Author + information
- Received February 12, 2018
- Revision received April 2, 2018
- Accepted April 5, 2018
- Published online August 20, 2018.
- Roxana Mehran, MDa,∗ (, )
- Michela Faggioni, MDa,
- Jaya Chandrasekhar, MBBS, MSa,
- Dominick J. Angiolillo, MD, PhDb,
- Barry Bertolet, MDc,
- Robert Lee Jobe, MDd,
- Bassam Al-Joundi, MDe,
- Somjot Brar, MDf,
- George Dangas, MD, PhDa,
- Wayne Batchelor, MD, MHSg,
- Anand Prasad, MDh,
- Hitinder S. Gurm, MDi,
- James Tumlin, MDj and
- Gregg W. Stone, MDk
- aIcahn School of Medicine at Mount Sinai, New York, New York
- bUniversity of Florida College of Medicine–Jacksonville, Jacksonville, Florida
- cNorth Mississippi Medical Center, Tupelo, Mississippi
- dNorth Carolina Heart & Vascular, Raleigh, North Carolina
- eGateway Cardiology, Saint Louis, Montana
- fKaiser Permanente Los Angeles Medical Center, Los Angeles, California
- gTallahassee Memorial Hospital, Heart and Vascular Center, Tallahassee, Florida
- hDivision of Cardiology, Department of Medicine, The University of Texas Health Science Center San Antonio, San Antonio, Texas
- iDepartment of Internal Medicine, University of Michigan, Ann Arbor, Michigan
- jDepartment of Internal Medicine, Division of Nephrology, University of Tennessee College of Medicine in Chattanooga, Southeast Renal Research Institute, Chattanooga, Tennessee
- kColumbia University Medical Center/NewYork-Presbyterian Hospital and the Cardiovascular Research Foundation, New York, New York
- ↵∗Address for correspondence:
Dr. Roxana Mehran, Mount Sinai Hospital, One Gustave L. Levy Place, Box 1030, New York, New York 10029.
Objectives The aim of the AVERT (AVERT Clinical Trial for Contrast Media Volume Reduction and Incidence of CIN) trial was to test the efficacy of the AVERT system to reduce the contrast media volume (CMV) used during coronary angiographic procedures without impairing image quality and to prevent contrast-induced acute kidney injury (CI-AKI) in patients at risk for CI-AKI.
Background CI-AKI is a common complication of percutaneous coronary procedures, associated with increased morbidity and mortality. The AVERT system alters the coronary injection pressure profile by diverting contrast away from the patient during coronary injection.

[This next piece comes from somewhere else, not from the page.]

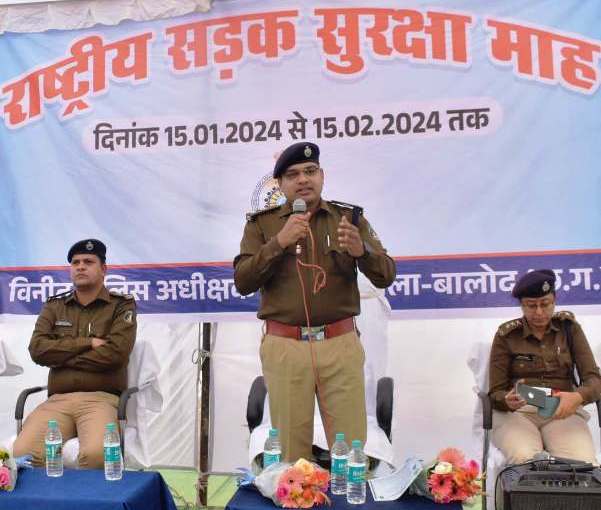 आज दिनांक 15.01.2024 को जिले में 34 वां राष्ट्रीय सड़क सुरक्षा माह का शुभारंभ पुलिस अधीक्षक महोदय बालोद डॉ. जितेन्द्र कुमार यादव द्वारा किया गया है। सड़क परिवहन एवं राजमार्ग मंत्रालय भारत शासन द्वारा जारी गाइडलाइन के अनुसार जिलों में दिनांक 15.01.2024 से 15.02.2024 तक यातायात सड़क सुरक्षा माह का आयोजन किया जाना है। सड़क सुरक्षा माह के प्रथम दिवस आज दिनांक 15.01.2024 को पुलिस अधीक्षक महोदय बालोद डॉ. जितेन्द्र कुमार यादव द्वारा यातायात माह का शुभारंभ किया गया है|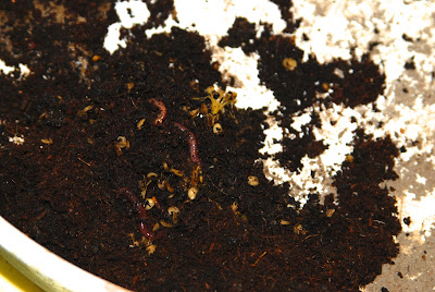 | 緑のトウガラシに中にはまだ全く食べられてない青い実や赤い物も混じっていた。 ミミズ君が8匹居たのは食べれる物が一番多く残っていたからだろうか?それともこんな寒い日にはトウガラシ食べてみみずくんも暖かくなる? |

Methods The AVERT trial was a prospective, multicenter, 1:1 randomized clinical trial in 578 subjects with either baseline estimated glomerular filtration rate 20 to 30 ml/min/1.73 m2 or estimated glomerular filtration rate 30 to 60 ml/min/1.73 m2 and at least 2 additional risk factors for CI-AKI. Patients undergoing coronary angiography with planned or possible percutaneous coronary intervention (PCI) were randomized to hydration plus the AVERT system (n = 292) or hydration only (n = 286). The primary effectiveness endpoints were: 1) the total CMV used; and 2) the incidence of CI-AKI, defined as a ≥0.3 mg/dl increase in serum creatinine within 5 days post-procedure.

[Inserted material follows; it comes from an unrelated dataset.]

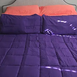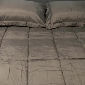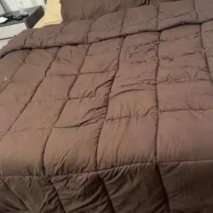 Probably the most comfy comforter I've ever bought. It's cooling but keeps you warm. I ordered the dark chocolate in kind size. It's oversized and so soft. Oh it's reversible (dark yellow) which makes it fun. I can switch up the colors of our room so much easier now.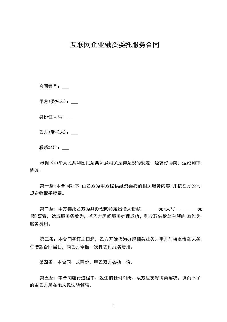 第一条:本合同项下,由乙方为甲方提供融资委托的相关服务内容,并按乙方公司规定收取手续费。

Results Patient demographics were well balanced between the groups, with mean baseline serum creatinine of 1.6 ± 0.4 mg/dl and 64.9% patients with diabetes mellitus. PCI was performed in 42.2% of procedures, with coronary angiography in the remainder. Use of AVERT resulted in a 15.5% relative reduction in CMV overall (85.6 ± 50.5 ml vs. 101.3 ± 71.1 ml; p = 0.02) and a 22.8% relative reduction in CMV among PCI patients (114 ± 55 ml vs. 147 ± 81 ml; p = 0.001). The maximum relative reduction in CMV was 46% (124 ± 48 ml vs. 232 ± 97 ml; p = 0.01) when ≥3 lesions were treated. There were no differences in the rates of CI-AKI (27.0% vs. 26.6%; p = 0.70) between the study groups.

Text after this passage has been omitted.